The final 2019 date was proposed by Latvia, which holds the rotating presidency of the Council of the EU, after the Czech Republic reportedly left a “blocking minority” in the Council that was pushing for a later date. This minority had been led by Poland, which is heavily reliant on coal.

Along with setting the start date, the deal also says that the 900 million allowances that were “backloaded” from the 2014-2016 trading period to 2019-2020 would be placed on this market reserve.

Any unallocated allowances will be put directly in the market reserve in 2020. How these allowances are dealt with will be one of the elements under consideration during a planned ETS review.
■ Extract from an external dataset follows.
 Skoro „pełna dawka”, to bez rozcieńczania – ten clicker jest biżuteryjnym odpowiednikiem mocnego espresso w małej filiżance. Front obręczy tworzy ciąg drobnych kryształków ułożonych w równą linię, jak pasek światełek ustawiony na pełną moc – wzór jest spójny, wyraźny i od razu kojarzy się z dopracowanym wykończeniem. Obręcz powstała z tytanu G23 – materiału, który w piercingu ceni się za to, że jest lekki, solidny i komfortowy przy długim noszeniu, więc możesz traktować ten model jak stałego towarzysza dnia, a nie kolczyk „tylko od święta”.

Furthermore, the upcoming EU ETS and market stability reserve review will need to take into account issues such as carbon leakage – where production is moved abroad to countries with lower environmental standards – and competiveness aspects.

In elaborating their post-2020 climate and energy framework, EU heads of state and government had agreed last October that a “well-functioning, reformed” ETS with a market stabilising instrument would play a role in helping the bloc meet its emissions reduction targets for 2030. (See Bridges Weekly, 30 October 2014)

Environment groups react

News of the agreement was broadly welcomed by environmental groups, with some referring to it as a first step in what ideally will be a greater reform.
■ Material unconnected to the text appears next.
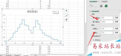 5、選中水平軸,雙擊打開設置坐標軸格式對話框,最小值設置為1,最大值為24固定值為1

“European policymakers have come to the rescue to salvage the EU ETS from drowning in a huge oversupply of emission allowances,” said Femke de Jong, policy officer at Brussels-based Carbon Market Watch.

The organisation has urged the Commission to make additional changes under the upcoming ETS review, such as putting in place a system for automatic removals of any unused allowances at the end of each trading period.

Damien Morris, who is the Head of Policy at the UK-based climate group Sandbag, also termed the decision as a “huge turning point for Europe’s climate policy.”

“But the policy is not out of the woods yet: key issues still need to be resolved during an overhaul of legislation expected later this year, the most important of which is the overall ambition of the emissions cap,” Morris said, referring specifically to the need to tighten the existing limits.

ICTSD reporting; “EU Agrees to Overhaul Carbon-Trading System,” THE WALL STREET JOURNAL, 5 May 2015; “EU carbon market reforms back on the table,” FINANCIAL TIMES, 30 April 2015; “UPDATE 1-New EU proposal suggests Jan. 1, 2019 start for carbon market reform,” REUTERS, 27 April 2015.